Soon, I had no trouble making my numbers. And I enjoyed each day. Okay, sometimes I survived a day, but things definitely started to feel easier 🙂
Spiking Sales Success Levels
The latest figures from CSO Insights, which tracks sales performance, show that half of salespeople make their quotas when their companies lack a “single standard process” for how its salespeople operate.
When companies follow an “informal process” — meaning their sales teams are told to follow a certain system, but no steps are taken to make sure they do — that figure rises to 58%
But when companies adopt a formal sales process and ensure that their teams follow it, 63% make quota. And when they keep updating that process throughout the year, tweaking it based on how well things are going, CSO Insights has found that sales success improves to 72%.
An Organized Work Life Breeds Good Sales Habits
When you organize your work life around an activity-based sales method, tweaking your method becomes second nature.
When salespeople input their information into Pipedrive, our software creates visuals and helps them see their key performance indicators:
- Number of deals in their pipeline
- Average deal size
- Conversion rates
- Sales velocity (how long it takes for a prospect to make it all the way through the pipeline).
With this information in front of them, salespeople know where they have the most work to do.
Common Work Habits You Can Fix
Want to start improving your sales behaviors today?
Make any of the changes below to speed up your sales funnel, move more deals through your pipeline from cold call to conversion, and do so faster than ever.
Don’t: Play the blame game
Do: Own your successes and failures
More sales attempts fail than succeed, no matter how good you are. Placing blame is a waste of time — and a lost opportunity. Instead, make a habit of learning from every sale and every failure, and move on. What made that prospect the right or wrong one to pursue? What actions did you take that worked or didn’t? Use this information to fine-tune your sales process.
Don’t: Get stuck on a script
Do: Focus on the prospect
To sell, you should always be learning about your prospect — his or her unique needs and challenges. You need to hear not only the words your prospect is saying, but the emotions behind it. This is essential to engage and to make sure your proposal is right.
“Selling requires deliberate, mindful action,” says sales coach Andy Paul.
“Sales is hard mental work. You have to bring your A-game absolutely every time you reach out.”
Don’t: Dial for dollars
Do: Make sure there’s a necessity for every call
Sales coach and trainer Alice Heiman told us she sees this all the time.

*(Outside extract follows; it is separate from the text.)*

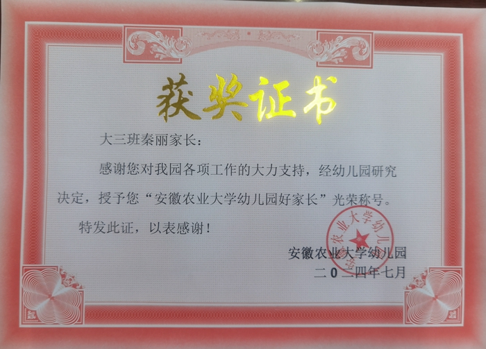 安徽农业大学幼儿园好家长—大三班姜寒睿妈妈秦丽

Sales reps call prospects for no valid reason. At one company, the owner required the entire sales team to call every customer four times a week. “That’s unproductive,” Heiman says. “In fact, it might really irritate people so that they will not take your call when you actually have something to say to them.”
Don’t: Let email rule the day
Do: Be proactive about your schedule
Many salespeople jump at every incoming email. This is the opposite of activity-based selling. It’s what I call results-based or anxiety-based selling. Following a plan to cover each of your activities is more productive. So unless the email is urgent, stick to your plan for when you’ll do each activity throughout the day, including handling emails.
Don’t: Get too relaxed
Do: Stay vigilant
Leaving anxiety behind doesn’t mean giving up vigilance. It’s crucial to pull through for every prospect as planned, and to have all the information you need at your fingertips when doing so. This is another reason a great CRM tool is so important. It reminds you of every task, and can pull up all the information you need for every interaction.